THE CONCEPT OF CAPITAL AS THE FOUNDATION OF OWNERSHIP ORGANIZATION IN BUSINESS

The Business Establishment Defined. When we seek to secure profits through some organized activity, we have a business undertaking or establishment. It may be defined as a complex of labor and capital brought together and directed by an entrepreneur for the purpose of profit. Labor, under this definition, includes all human effort, whether mental or physical, directed toward the prosecution of the enterprise. Capital includes all money and securities, natural resources and products, other than labor, that are used in the business. The head of the enterprise is called the entrepreneur by economists. He is the one who, besides risking his capital, or command over capital, in the venture assumes the final responsibility for its management and direction. However, under presentday conditions, business is in large part conducted by groups of individuals combined into an organization, such as a corporation, a partnership, a joint stock company or some other form. These organizations may therefore properly be considered entrepreneurial or ownership organizations. It is of such organizations that this work treats.

The Private versus the Public Entrepreneur. - While the entrepreneur is ordinarily a private person or an association of persons, this is not always the case. A municipal, state or national government may become an entrepreneur by going into business. European governments

have frequently done this, but in the United States there has been a marked antipathy toward this. Nevertheless, even in this county, many municipalities own and operate gas plants, electric plants, street railway systems and other enterprises. And during the recent war the national government went into shipbuilding and the manufacture of munitions on an extensive scale. But a distinction must be made between the government as an entrepreneur and as an operator. The act of the government in taking over the railways, the telegraphs and the telephones and other national equipment, and operating them did not make the government the real entrepreneur for it did not assume the full ownership responsibility.

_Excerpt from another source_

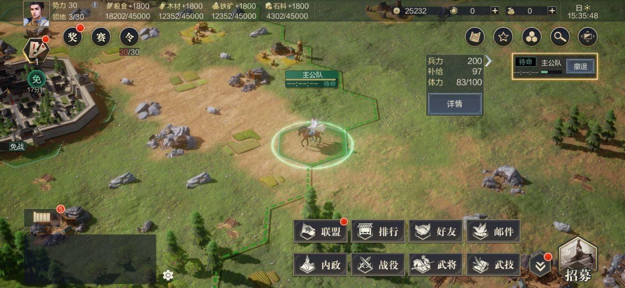 铜币、木材、铁矿、石料等资源多由不同等级地块产出,主公需要根据战力占领尽多的地块生产资源。

The Function and Classification of Business Establishments. In a broad sense, the function of the business establishment is the production of economic goods which may be used, directly or indirectly, to satisfy human wants. It is ordinarily conceived to include the production, or the purchase and sale of commodities or both, that is to say, manufacture and trade. The work of assembling, transporting, storing, grading, assumption of risk and financing is merely incidental to the chief function, but even these services are the bases for a vast number of business enterprises. Others, again, render different services, such as advertising, the collection and dissemination of statistical data, the communication of ideas. In fact it is almost impossible to enumerate the vast number of different kinds of business undertakings that are to be found in a modern industrial country. However, for the purpose of convenience they may readily be classified under a few suggestive heads. The following classification is one that is usually employed in government publications.

1. Agriculture, animal husbandry and fisheries, having to do with the growing, raising and direct appropria

tion of vegetable and animal products for human consumption.

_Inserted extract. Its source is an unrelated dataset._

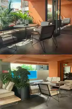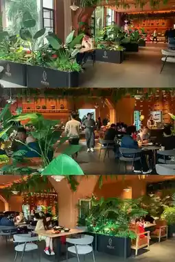 This hotel is full of artistic design, from the name to the rooms and restaurant. The brown leather sofa, brass metal installations, and cement gray are very high-end, and the green plants make the space full of life.

2. Mining and quarrying, or the original recovery of the useful mineral products from the earth.

3. Manufacturing, the process whereby the raw products of the first two groups are transformed into consumable products.

4. Construction, the work of creating in final form the more or less permanent equipment of a country such as, buildings, canals, railways, docks, bridges, industrial plants, etc.

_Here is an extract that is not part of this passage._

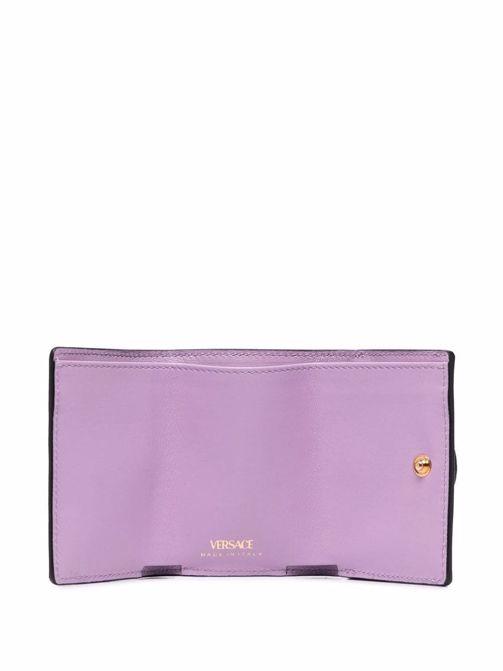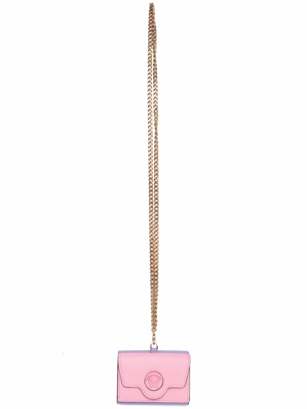 Motif Medusa, logo doré, lanière autour du cou à maillons, finitions en métal doré, design pliable, compartiment à billets intérieur. Matière : cuir.

5. Transportation and other public utilities, which include the operation of water, gas, and electric works, railroads, telephone and telegraph lines, etc.

6. Trade, comprising the purchase for sale of goods, wares and merchandise by retailers, wholesalers, commission men, brokers, factors, etc.

7. Personal service including the professions, amusements, domestic services, etc.

8. Finance, banking and insurance and similar undertakings that are of a fiduciary character.

Social Custom, Business Enterprise and Economic Development. The form of the business unit, the method by which it conducts its operations, the privileges that it enjoys, as well as the limitations and restrictions placed upon it are deep rooted in the social and economic structure. Consequently any changes in social concepts and customs or in economic practices are bound, in the course of time, to bring about sympathetic changes in the business unit. Social and economic transitions ordinarily take place gradually; but at times, as the result of wars or other unanticipated catastrophes, they may be extremely rapid. Thus we find the hoary institutions of private property and inheritance, which are the foundation stones of modern busi

ness organization, gradually losing their dignity as rights and assuming the plainer garb of privileges. For the "right" of inheritance is now limited by heavy inheritance taxes, while the "right" of private property is subject to eminent domain, and in some European countries it is being threatened with the imposition of so-called capital levies which would appropriate a large share of private wealth to defray the obligations of governments. Indeed, the complete abolition of these two institutions has been strongly urged by the Marxian Socialists, and the Bolsheviks and others. This simply illustrates a change in social concepts. It cannot be denied, that the complete abolition, either of one or of both of these institutions, would have a very marked and far-reaching effect upon the form of the business unit, in that it would take business completely out of the hands of the private entrepreneur. We have but to bear in mind the demands made upon the governments of the United States and of the United Kingdom for the nationalization of railways, coal mines, and other fundamental industries, to realize how close to our daily life such changes are. Social changes are inexorable in their execution; for they are backed by the force of general public opinion to which the individual must inevitably bow.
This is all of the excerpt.